-
Notifications
You must be signed in to change notification settings - Fork 1
Storage
OpenPit policies often need internal state — accumulated P&L, rate-limit
timestamps, reserved margin, position counters. The Storage abstraction
lets that state work transparently in any synchronization environment the
SDK supports, with zero overhead when none is needed and full
thread-safety when the embedding requires it.
This page documents the abstraction, the available synchronization policies, and how to consume it from each SDK.
OpenPit supports embeddings where policy state stays on one thread, moves between
threads sequentially, or is accessed concurrently. A custom policy storing
state in a plain map handles only the single-thread case; the moment calls
cross threads - even sequentially - the policy needs a mechanism that
establishes happens-before ordering between writes on one thread and reads on
another. Storage provides that ordering without making the policy author
design cross-thread coordination.
Across the language bindings, every storage created by a policy is
account-keyed: the top-level key carries the AccountId. The per-account value
can be any structure the policy needs (counter, sliding-window log, nested map).
Sharding by account is part of the public storage contract - the chosen
synchronization mode is independent from the key-shape rule.
Cooperative scheduling adds another wrinkle. A scheduled task may resume on a different OS thread than the one it suspended on. This is not necessarily multithreading in the classical sense - calls may still be sequential at the host layer - but it still requires the same happens-before guarantee. The engine handle itself carries the matching capability through the selected sync policy: Full sync is the mode for thread-shareable handles, Account sync supports sequential cross-thread invocation, and Local sync keeps the handle single-threaded.

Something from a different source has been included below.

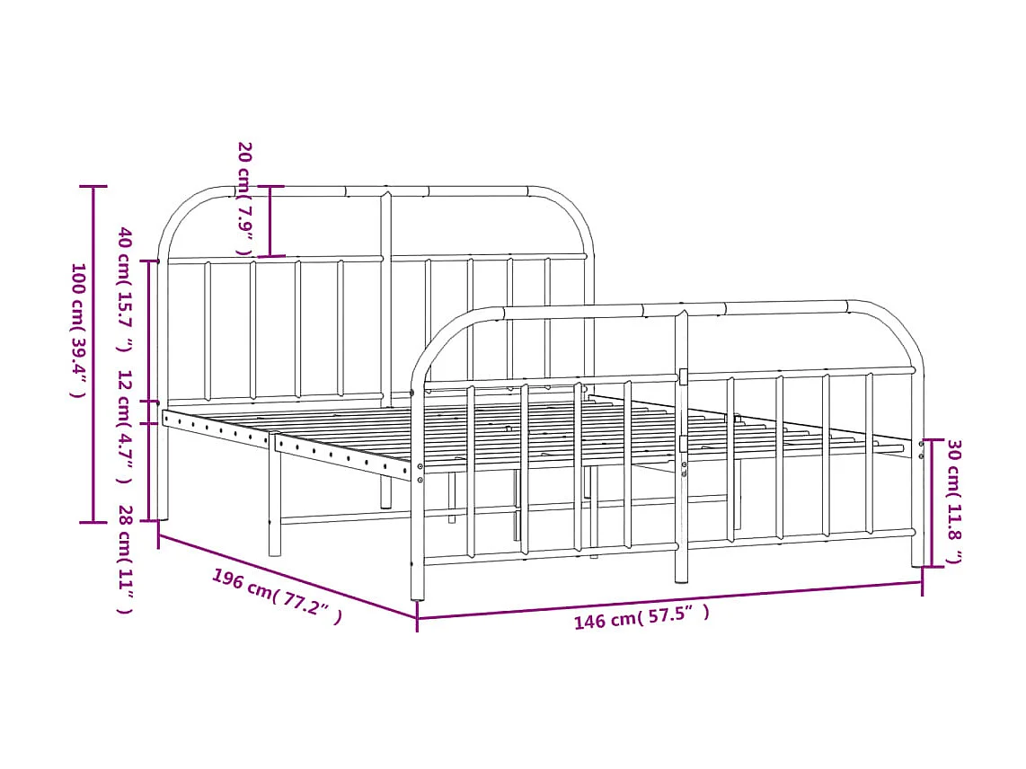 Lit double | Lit adulte | Cadre de lit métal et pied de lit blanc 140x190 cm

Storage solves the policy-state side of these cases with one abstraction:
- the synchronization policy is selected once when the storage is created;
- every read or write goes through a scoped access handle that owns the appropriate access rights for the duration of access;
- the user code only asks the storage to read or write a key;
- when no synchronization is needed, the no-sync policy compiles down to direct map access - zero overhead.
The storage picks one of three built-in policies at construction time. The policy is part of the storage's type, so runtime overhead matches the chosen guarantees and nothing more.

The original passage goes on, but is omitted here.